Houston Chronicle

Storm was on weather steroids

- ERIC BERGER

On Monday night the heavens opened over Houston, dousing the city with some of its heaviest rains since the near biblical floods of Tropical Storm Allison.

While forecaster­s predicted a wet Memorial Day weekend, no one expected as much as 1 foot of rain to fall during a single night, nor the ensuing mayhem caused by widespread flooding.

So what caused these intense storms to regenerate and dump 162 billion gallons of water on Harris County? There’s only one answer: the Gulf of Mexico. It provided the additional fuel for storms that, had water been collected across the county, could have filled the Astrodome more than 500 times.

Forecaster­s had good reason to be confident about rain this weekend.

Heading into Memorial Day weekend, the greater Houston region lay more or less beneath the jet stream, a large river of swiftly moving air about 30,000 feet above the Earth’s surface. This location beneath the jet stream provided the impetus to lift air at the surface into

the upper levels of the atmosphere.

Moreover, it was clear the air at the surface was going to be moist this weekend. The best measure of this moisture is so-called precipitab­le water, or the total amount of water in a column of air from the ground to space. For Monday these precipitab­le water values were in excess of 2 inches, which is very high. That’s part of the reason why Memorial Day felt so muggy outside, almost pregnant with rain.

So it was no surprise when a large line of thundersto­rms approached Houston from the west around sunset on Monday. This system was forcing moist air at the surface to rise, which generated thundersto­rms.

Reflecting the very moist, tropical nature of this air, these thundersto­rms produced in excess of 4 inches of rainfall per hour in some locations across west and southwest Houston.

Storm train

Typically as these systems move through a region they work over the atmosphere, as if wringing the moisture out of a wet towel. Such lines of storms normally produce 2 to 4 inches of rain, perhaps more where the most intense storms develop. But then the system moves on.

Only this didn’t happen Monday night. As the initial line swept into west Houston it slowed, and another line of storms formed behind it. And then another. The storms were lining up one after the other like freight trains.

Something was fueling these newly regenerati­ng storms so that they didn’t burn out, moving eastward in search of more moist air to wring out.

Instead of being depleted of moisture, the atmosphere over west Houston, from Katy to Sugar Land to Missouri City, was being fed by a feature known as the “low-level jet” — essentiall­y a fast flowing of current of air about one mile above the surface of the earth. In this case, the low-level jet acted as a conveyor belt to bring more moisture northward from the Gulf of Mexico, essentiall­y up Texas Highway 288, allowing the storms to redevelop.

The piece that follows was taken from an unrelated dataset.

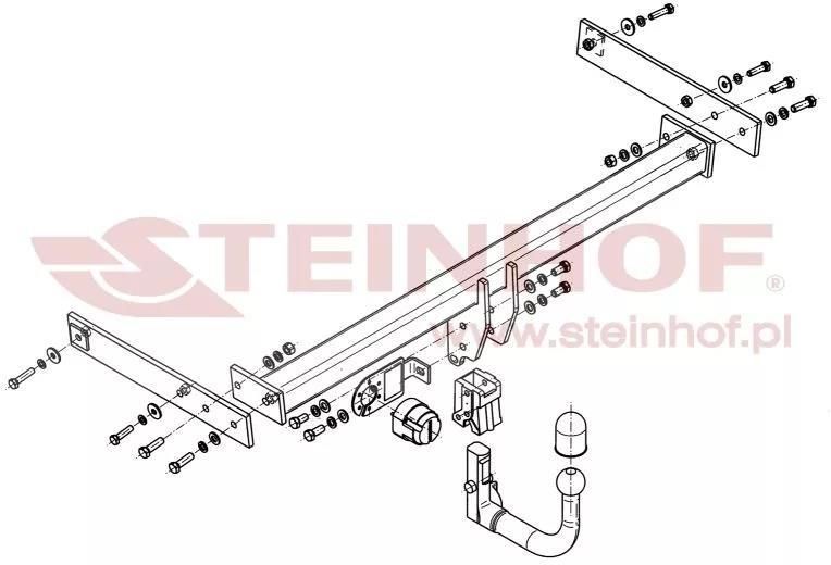 Hak wypinany pionowo STEINHOF V-138 Dane techniczne Homologacja: e20 Rodzaj kuli: Wypinana pionowo Parametr "D" [kN]: 11,6 Max. uciąg [kg]: 2500 Max. nacisk pionowy [kg]: 100 Hak wypinany pionowo STEINHOF V-138 pasuje do poniższych aut:Kliknij tutaj aby rozwinąć listę(kliknij markę aby sprawdzić kompatybilne modele) SEAT SEAT Alhambra II [ 2010-2012 ] Wymaga zdjęcia / podcięcia zderzaka: TAK / TAK VW VW Sharan II [ 2010-2012 ] Wymaga zdjęcia / podcięcia zderzaka: TAK / TAK Hak wypinany pionowo STEINHOF to doskonały wybór dla kierowców, którzy oczekują połączenia estetyki, wytrzymałości i komfortu użytkowania. System pionowego wypinania sprawia, że hak jest praktycznie niewidoczny, gdy nie jest używany, dzięki czemu samochód zachowuje elegancki wygląd i linię nadwozia. Prosty i szybki montaż to jedna z głównych zalet tego rozwiązania. Automatyczny mechanizm blokujący pozwala w kilka sekund zamontować lub wypiąć kulę haka – bez potrzeby używania narzędzi. W komplecie znajduje się szczegółowa instrukcja, a składane gniazdo elektryczne umożliwia utrzymanie tylnej części auta w nienagannym, estetycznym stanie. Każdy hak holowniczy STEINHOF projektowany jest z myślą o konkretnym modelu samochodu, co gwarantuje idealne dopasowanie i łatwy montaż bez konieczności spawania lub modyfikacji konstrukcji pojazdu. Całość jest solidna, bezpieczna i gotowa do użytku od razu po instalacji. System pionowego wypinania doskonale sprawdza się podczas holowania przyczep, montażu bagażników rowerowych lub transportu akcesoriów. Gdy hak nie jest potrzebny, można go błyskawicznie zdemontować i schować do bagażnika – zachowując pełną estetykę i funkcjonalność auta. Wszystkie haki holownicze marki STEINHOF wykonane są z wysokogatunkowej stali i pokryte trwałą powłoką proszkową, która skutecznie chroni przed korozją i czynnikami atmosferycznymi. To gwarancja trwałości, bezpieczeństwa i niezawodności w codziennym użytkowaniu. Dodatkowo każdy hak holowniczy STEINHOF objęty jest 2-letnią gwarancją producenta, co potwierdza wysoką jakość wykonania i dbałość o użytkownika. Co zawiera zestaw Belkę haka idealnie dopasowaną do Twojego auta Kulę wypinaną pionowo Dwa kluczyki zabezpieczające przed kradzieżą Zestaw montażowy (wsporniki, śruby, podkładki, etc.) Osłonkę kuli (kapturek) Homologację - tabliczka znamionowa na belce - wymagana do rejestracji! Składaną podstawkę pod gniazdo elektryczne Instrukcja montażu Hak standardowo nie zawiera w zestawie wiązki elektrycznej. Odpowiednio dopasowane zestawy elektryczne znajdziesz poniżej. Producent lub osoba odpowiedzialna GRUPA STEINHOF SPÓŁKA Z OGRANICZONĄ ODPOWIEDZIALNOŚCIĄ Przemysłowa 27A 33-100 Tarnów sekretariat@steinhof.plOstrzeżenia dotyczące bezpieczeństwa: Montaż wyłącznie przez wykwalifikowany warsztat. Nie przekraczać maksymalnego uciągu i nacisku na kulę określonych przez producenta. Przed każdą jazdą sprawdzić mocowanie i stan haka. Nie używać haka z oznakami uszkodzenia lub luzami. Nie modyfikować elementów haka ani mocowań. Regularnie kontrolować momenty dokręcenia i stan połączeń. Używać wyłącznie do holowania pojazdów zgodnych z homologacją.

The result was lots of rain, which occasional­ly is to be expected living next to a large, warm, tropical body of water such as the Gulf of Mexico.

Rains this spring — as much as 40 inches have now fallen across parts of Houston during the past three months, nearly the city averages in a given year — have definitive­ly ended a drought that began in 2010.

Now the question becomes whether this wet pattern will extend into the warm summer months, when there will be still more ample fuel from a warming Gulf for additional flooding events.

In the immediate future, it appears the region will see a typical summertime pattern on Wednesday and Thursday, with scattered thundersto­rms developing during the afternoon, sparked by daytime heating. This break from widespread storms should allow swollen bayous to ease back into their banks, and for flooding on parts of the San Jacinto and Trinity rivers to crest and recede.

However, another upper-level low-pressure system could very well approach the region this weekend, brought on in part by the jet stream, and again providing the lift needed for additional storms. Given the sodden ground, the possibilit­y for these kinds of storms will have to be watched closely.

Hurricane season

Looking further ahead, other threats loom. The Atlantic hurricane season starts Monday. While a strong El Niño like that now developing in the Pacific Ocean often dampens activity during the peak months of the Atlantic season — August and September — Texas could easily be threatened by a rainmaking tropical storm in June or July.

Seasonal forecast models, which attempt to forecast overall weather patterns a few months ahead, aren’t overly accurate. But for what it’s worth, they’re generally predicting a wetter than normal June followed by drier conditions in July and August.

One upside to the region’s wet spring has been lower daytime temperatur­es — because of clouds and rain. Houston has yet to record a 90-degree day this year, and is now nearly four weeks late for its first one. The city hasn’t gone this late into spring without hitting 90 degrees since 1997.

With more sunshine expected on Wednesday and Thursday of this week that could soon change.